Here is how we inject assets on base template (_includes/templates/base/index.pug):

body
    //- Inject assets. 6 spaces is necessary, so that `HtmlWebpackPugPlugin` can
    //- translate this snippet to proper pug syntax.
    <%= htmlWebpackPlugin.files.css.map((css) => {
        return `link(href=\'${css}\', rel='stylesheet')`).join('\n      ');
    }) %>
    <%= htmlWebpackPlugin.files.js.map((js) => {
        return `script(src=\'${js}\', type='text/javascript', async)`).join('\n      ');
    }) %>

Therefore, every template will have unique minified, production ready assets that's only needed by pages that include it. About page will not load assets required by Home page. As little assets as possible.

Usage

Requirement

You must install nvm. You will be using Node version set in .nvmrc.
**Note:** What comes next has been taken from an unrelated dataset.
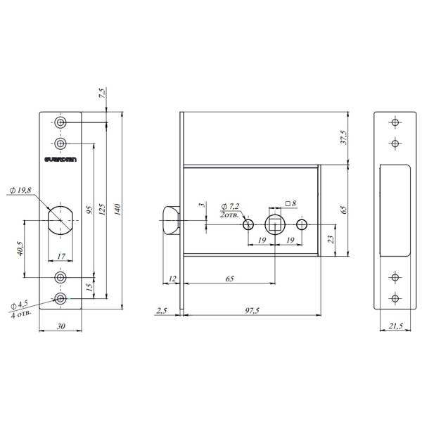 Защёлка врезная Гардиан 301 предназначена для установки, как в правые, так и в левые металлические и деревянные двери внутреннего и наружного открывания.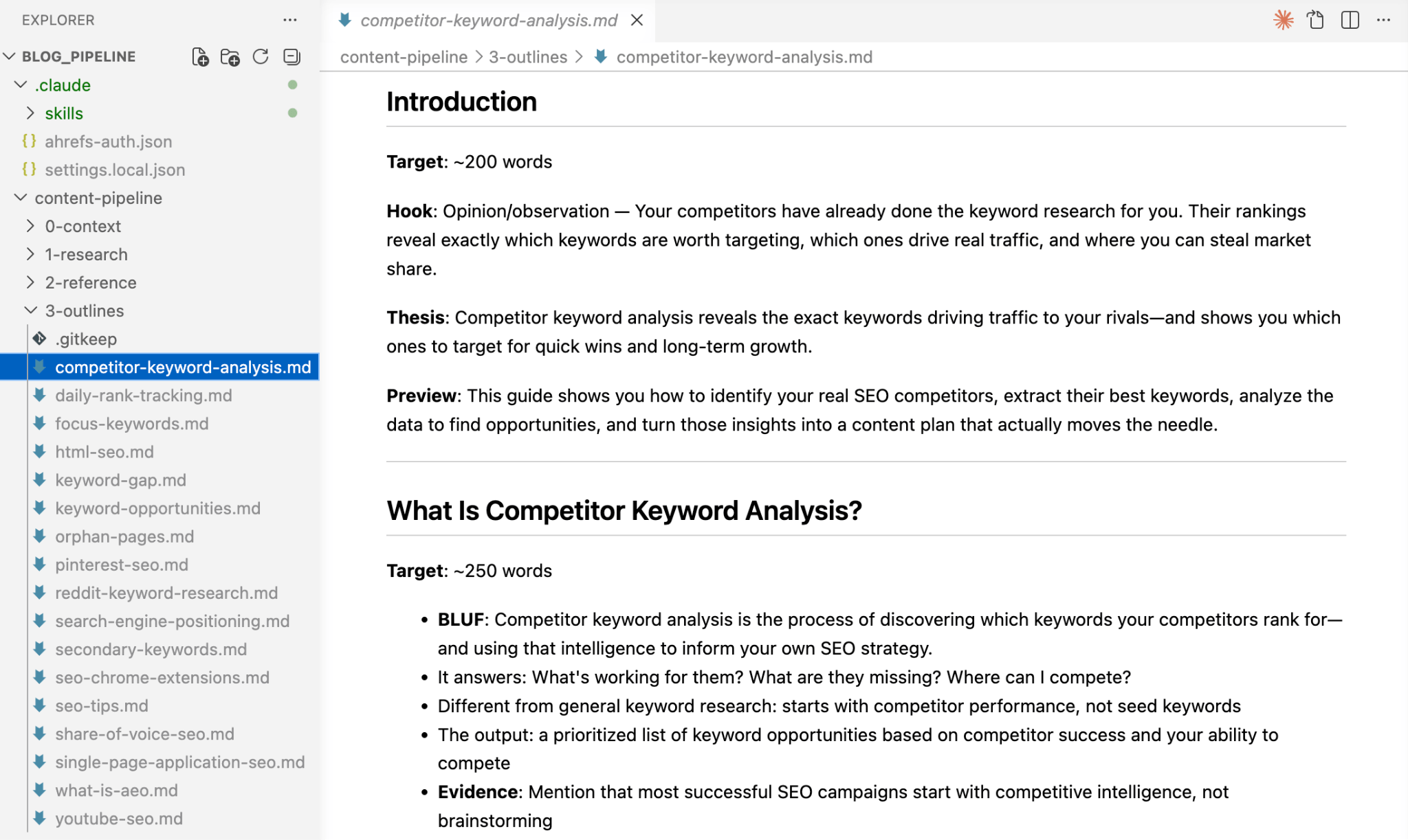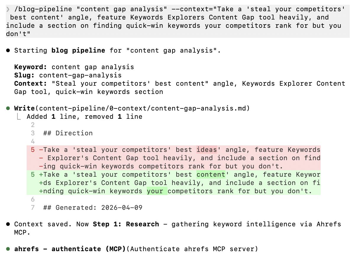 Theoretically, this process can be fully automated. Using the skill files I created, Claude can trigger a daily content gap analysis using the Ahrefs MCP, review and prioritize the best keywords to target, and kick off the entire blog-pipeline workflow, notifying me when new article drafts are ready for review.

After you have installed nvm, run this command:

$ nvm install
$ nvm use

Development

To set up localhost, run this command:

$ npm run start

Webpack bundles the assets, Eleventy will do the rest.

Open localhost:1992 to see the result.

Production

To build production ready bundle, run this command:

$ npm run build

You can host it on Github Pages, Netlify, or else.

Special Thanks

The Reason Why I Migrate From Jekyll To Eleventy

At first, miayam.io was a personal blog site built with Jekyll using a theme I pick carelessly without thinking. 2 years later since its inception, I almost forget half of the code. Ruby seems foreign to me. The more I tinker with it, the more befuddled I am. So, I decided to burn it down and rebuild it from the ground up.

I was looking for an alternative to Jekyll written in JavaScript because I am a boring web developer you could find anywhere else. I have tried Gatsby and wound up getting bored. All those shiny new technologies Gatsby has to offer are not really what I need. I have tried Hexo, it had similar ambience with Jekyll but it didn't spark joy.

And then, there was Eleventy... It really is like a magical glove that just fit my brain perfectly. It does one thing and does it well. A simple SSG (Static Site Generator) that helps provide minimum barebone for the next generation of miayam.io. And for good reason, the batteries are not included.